- WORK TO BE COMPLETED -
Could you retype the lines below, starting at the line holding "EAT VITAMIN C" and stopping at the line holding "Rising Concerns Over", inclusive? Copy them exactly and drop the images.

- MATERIALS PROVIDED -

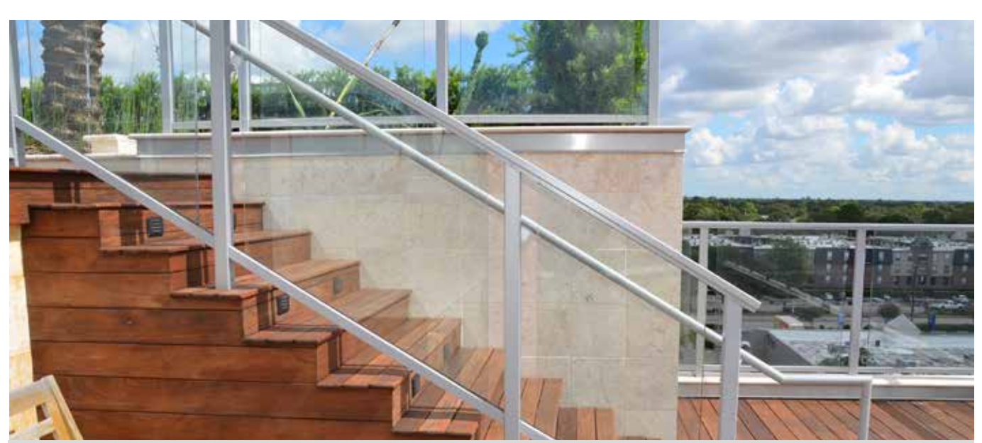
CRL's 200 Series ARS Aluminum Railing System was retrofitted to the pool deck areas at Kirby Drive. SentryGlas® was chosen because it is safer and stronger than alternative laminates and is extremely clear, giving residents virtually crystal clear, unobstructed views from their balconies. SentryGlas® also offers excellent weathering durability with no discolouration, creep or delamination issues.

...

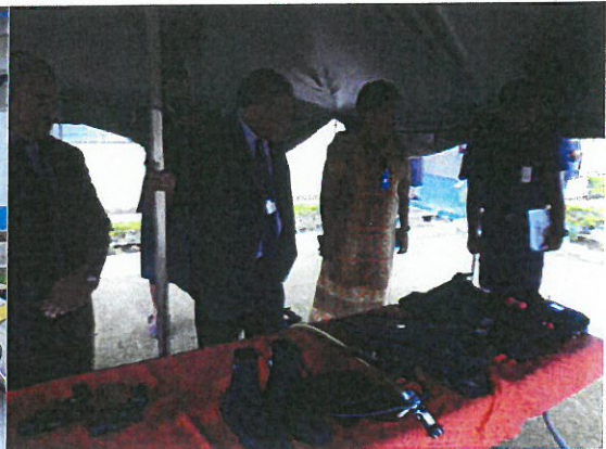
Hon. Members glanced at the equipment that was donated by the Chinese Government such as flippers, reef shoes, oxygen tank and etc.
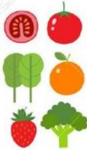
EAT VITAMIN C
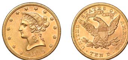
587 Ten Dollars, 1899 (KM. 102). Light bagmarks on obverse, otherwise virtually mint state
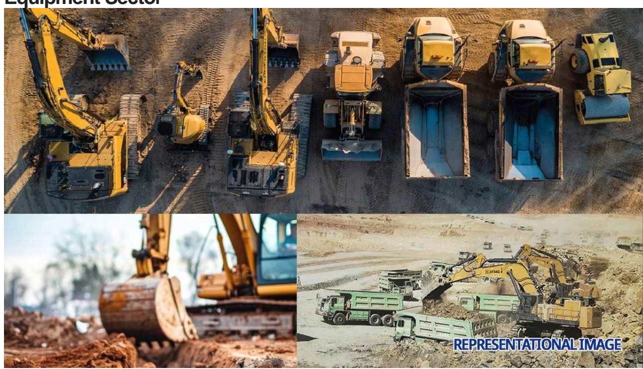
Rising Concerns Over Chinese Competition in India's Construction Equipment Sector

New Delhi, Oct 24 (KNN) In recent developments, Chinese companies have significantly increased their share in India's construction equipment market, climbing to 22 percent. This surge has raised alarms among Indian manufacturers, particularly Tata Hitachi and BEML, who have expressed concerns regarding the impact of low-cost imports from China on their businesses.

- ANSWER SECTION -
EAT VITAMIN C
587 Ten Dollars, 1899 (KM. 102). Light bagmarks on obverse, otherwise virtually mint state
Rising Concerns Over Chinese Competition in India's Construction Equipment Sector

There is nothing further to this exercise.